WORK INSTRUCTION: An exact restatement of the data is required, with the images omitted.

--

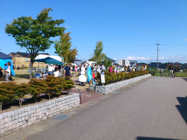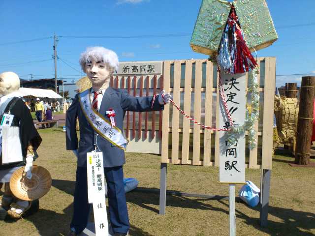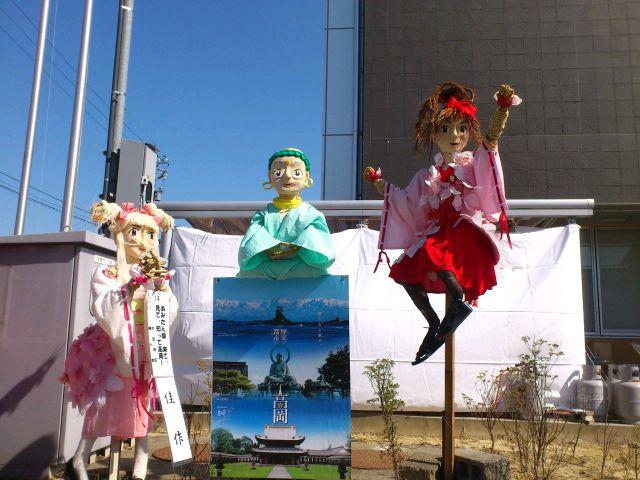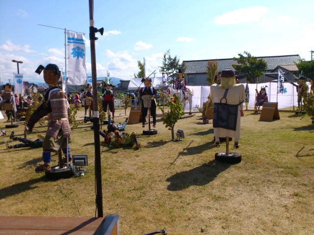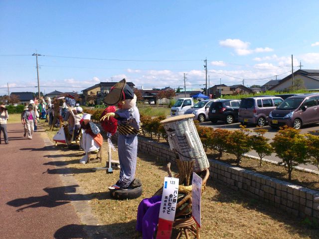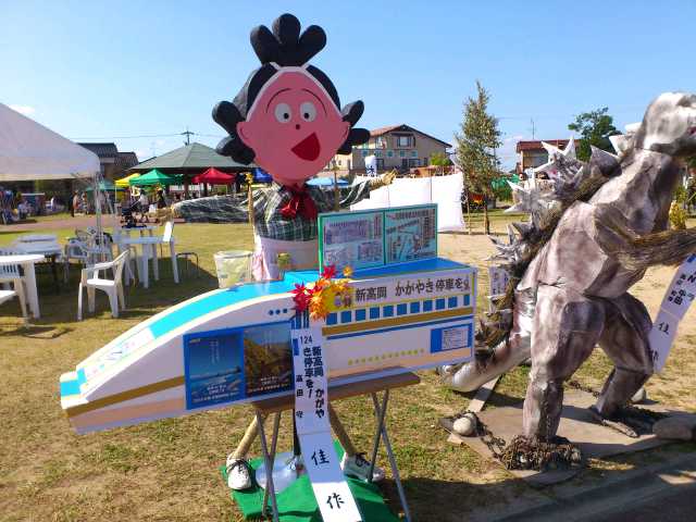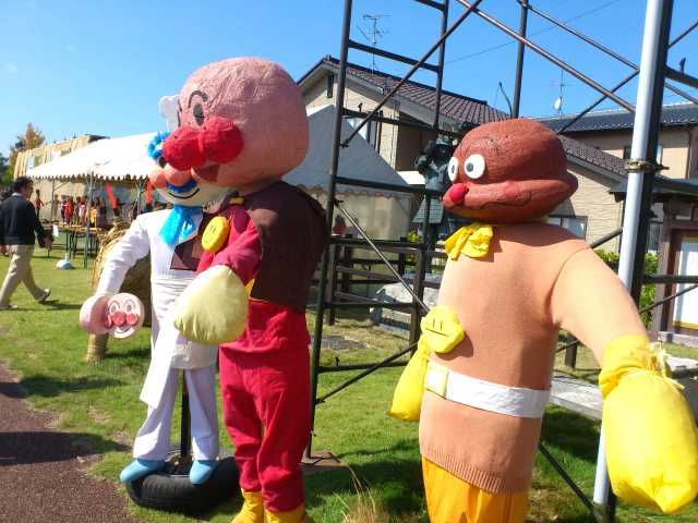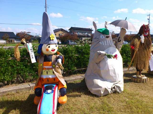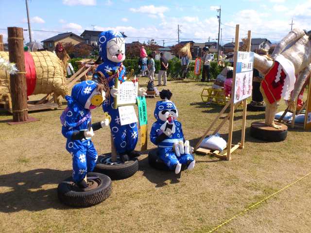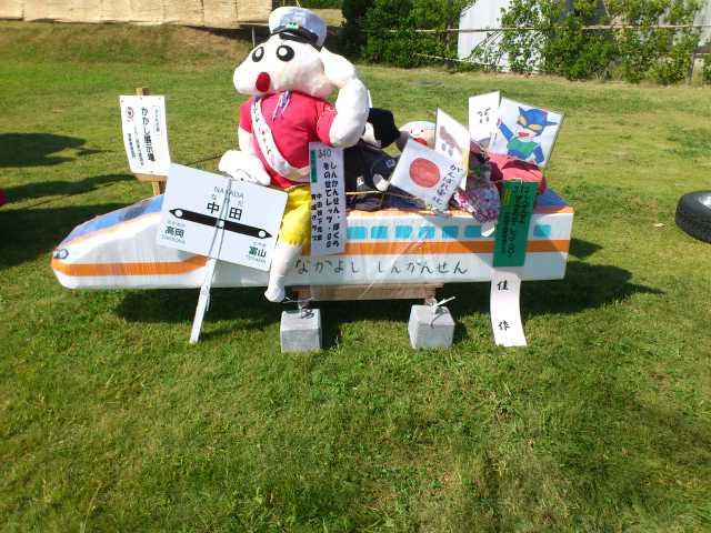 イベント参加報告 2014/09/22 「第31回 中田かかし祭り」に行ってきました!(9/22) 9月21日(日)~23日(祝・火)の3日間、高岡市中田地区を代表するお祭り「中田かかし祭り」が開催中ですが、本日足を運んできました。会場の中田中央公園入口には、アンパンマン、カレーパンマン、そして隠れてしまっていますがジャムおじさんのかかしがありました。クレヨンしんちゃん。E7・W7系新幹線に乗っています。なんと、駅表示板には「中田」と書かれていますね!昨日は新潟競馬場にいた、千葉県船橋市非公認キャラクター「ふなっしー」。中田に3体ほど存在しました(笑)高岡市公式マスコットキャラクター利長くんも、新幹線に乗っています。となりはトトロ。更に隣はなまはげでした。高岡にできる新幹線駅名が「新高岡駅」に決定した時の再現、でしょうか。髙橋正樹市長です。奥には新高岡駅もあります。「忍たま乱太郎」の乱太郎、きり丸、しんべヱの3人。サザエさんも、新幹線に。「かがやき」の停車を訴えています。高岡が生んだ藤子・F・不二雄さんの代表作「ドラえもん」もいました。「ちびまる子ちゃん」の、まる子と友蔵。大ヒットディズニー映画「アナと雪の女王」関連のかかしも、いくつかありました。中田中央公園に並ぶかかしたち。公園の外から、中の様子を撮りました。続いて、中田地区コミュニティセンター周辺会場へ。手前は、北陸新幹線富山県開業PRキャラクター「きときと君」。大人気・熊本県マスコットキャラクター「くまモン」もいました。こちらにも、トトロがいましたよ。そしてそして・・・。高岡市観光大使「あみたん娘」のかかしもありました。再び中田中央公園へ。源平合戦・倶利伽羅峠の戦いがかかしで再現されていました。この合戦で源氏を率いた源義仲(木曾義仲)は、この中田の地において、「弓の清水(ゆみのしょうず)」の伝説を残しました。最後に、再び中田中央公園入口。300年前の中田地区の風景が再現されています。というわけで、今回初めて中田かかし祭りに足を運んでみましたが、想像以上に多彩なかかしが飾られており、とても印象的でした。制作にすごく手間暇かけてるんだろうなぁ。私もかかしを作ってみたくなりました(笑)中田かかし祭りは、明日まで開催されております。明日は祝日ですので、お時間のある方はぜひ足をお運びください。 PR http://kirittotakaoka.ria10.com/houkoku/201409222230「第31回 中田かかし祭り」に行ってきました!(9/22)
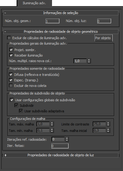 Para obter mais informações no grupo das Propriedades de Radiosidade apenas, consulte Controles de Radiosidade.
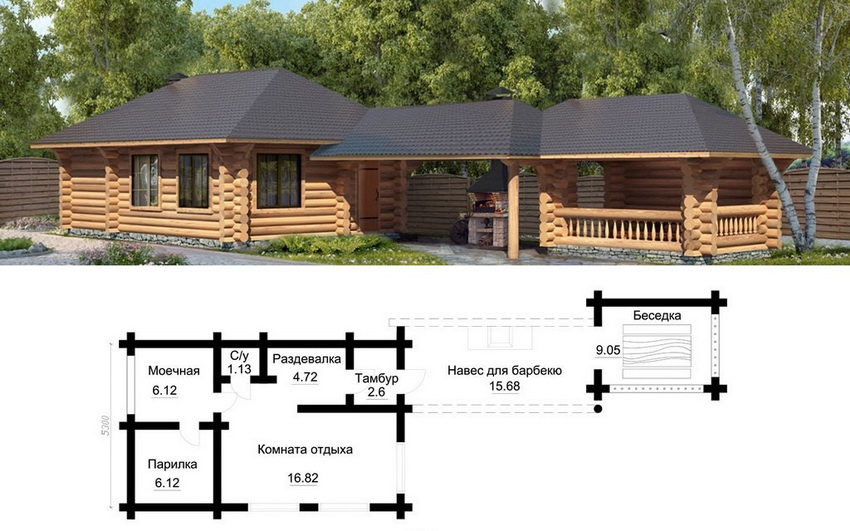 - 1.5 Popular projects of baths with a gazebo under one roof
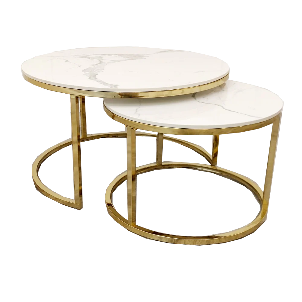 Cato Nest of 2 Short Round Coffee Tables – Gold Frame with Polar White Sintered Stone
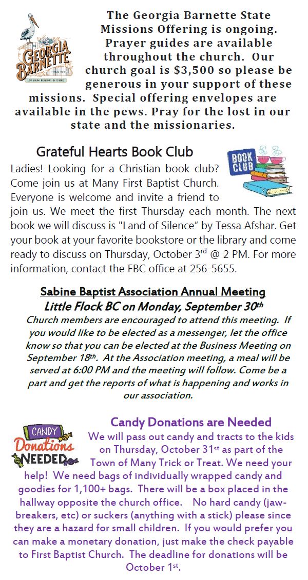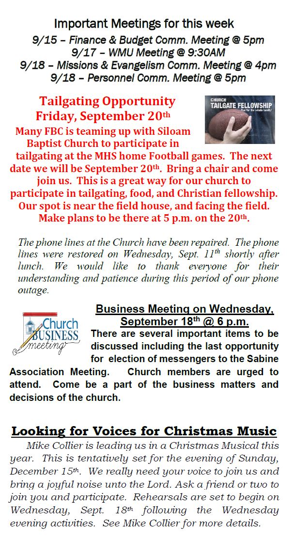 Sunday Bulletin -  September 15, 2024

--

EXERCISE OUTPUT:
 イベント参加報告 2014/09/22 「第31回 中田かかし祭り」に行ってきました!(9/22) 9月21日(日)~23日(祝・火)の3日間、高岡市中田地区を代表するお祭り「中田かかし祭り」が開催中ですが、本日足を運んできました。会場の中田中央公園入口には、アンパンマン、カレーパンマン、そして隠れてしまっていますがジャムおじさんのかかしがありました。クレヨンしんちゃん。E7・W7系新幹線に乗っています。なんと、駅表示板には「中田」と書かれていますね!昨日は新潟競馬場にいた、千葉県船橋市非公認キャラクター「ふなっしー」。中田に3体ほど存在しました(笑)高岡市公式マスコットキャラクター利長くんも、新幹線に乗っています。となりはトトロ。更に隣はなまはげでした。高岡にできる新幹線駅名が「新高岡駅」に決定した時の再現、でしょうか。髙橋正樹市長です。奥には新高岡駅もあります。「忍たま乱太郎」の乱太郎、きり丸、しんべヱの3人。サザエさんも、新幹線に。「かがやき」の停車を訴えています。高岡が生んだ藤子・F・不二雄さんの代表作「ドラえもん」もいました。「ちびまる子ちゃん」の、まる子と友蔵。大ヒットディズニー映画「アナと雪の女王」関連のかかしも、いくつかありました。中田中央公園に並ぶかかしたち。公園の外から、中の様子を撮りました。続いて、中田地区コミュニティセンター周辺会場へ。手前は、北陸新幹線富山県開業PRキャラクター「きときと君」。大人気・熊本県マスコットキャラクター「くまモン」もいました。こちらにも、トトロがいましたよ。そしてそして・・・。高岡市観光大使「あみたん娘」のかかしもありました。再び中田中央公園へ。源平合戦・倶利伽羅峠の戦いがかかしで再現されていました。この合戦で源氏を率いた源義仲(木曾義仲)は、この中田の地において、「弓の清水(ゆみのしょうず)」の伝説を残しました。最後に、再び中田中央公園入口。300年前の中田地区の風景が再現されています。というわけで、今回初めて中田かかし祭りに足を運んでみましたが、想像以上に多彩なかかしが飾られており、とても印象的でした。制作にすごく手間暇かけてるんだろうなぁ。私もかかしを作ってみたくなりました(笑)中田かかし祭りは、明日まで開催されております。明日は祝日ですので、お時間のある方はぜひ足をお運びください。 PR http://kirittotakaoka.ria10.com/houkoku/201409222230「第31回 中田かかし祭り」に行ってきました!(9/22)
 Para obter mais informações no grupo das Propriedades de Radiosidade apenas, consulte Controles de Radiosidade.
 - 1.5 Popular projects of baths with a gazebo under one roof
 Cato Nest of 2 Short Round Coffee Tables – Gold Frame with Polar White Sintered Stone
 Sunday Bulletin -  September 15, 2024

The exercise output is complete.